Florence Vidor started working in silent movies through the influence of her husband, film director King Vidor, whom she had married in 1915. She signed her first contract with Vitagraph Studios in 1916. Her early fame was due to her role in the 1921 film Hail the Woman. Throughout the 1920s, she was a major box office attraction for Paramount Pictures.

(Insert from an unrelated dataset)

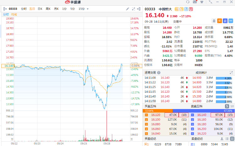 中国恒大(3333.HK)今日迎强势反弹,午后涨幅进一步扩大,一度涨19.59%报16.48港元,已收复上周失地。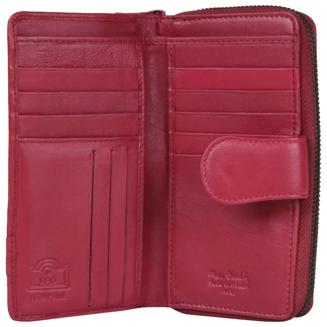 • Pierre Cardin ženski kožni novčanik u crvenoj boji nudi sigurno i elegantno rešenje za organizaciju, sa kombinovanim zatvaranjem – glavni deo se zatvara zipom, dok prednji deo ima kopču za brz pristup. Unutrašnjost uključuje odvojivu pregradu sa zipom za sitan novac, kao i više pretinaca za kartice i dodatnih pregrada za uredno odlaganje. Dimenzija 9,5 × 16,5 × 3 cm.

Her career ended with the advent of sound films. In 1929 she became so frustrated by the difficulties of making the partial sound film Chinatown Nights that she retired from acting before the production was completed. Director William A. Wellman had to use a voice double to complete some of her scenes.

==Personal life==
Florence and King Vidor divorced in 1924. They had a daughter, Suzanne. Despite the end of their marriage, Florence continued to use Vidor as her surname.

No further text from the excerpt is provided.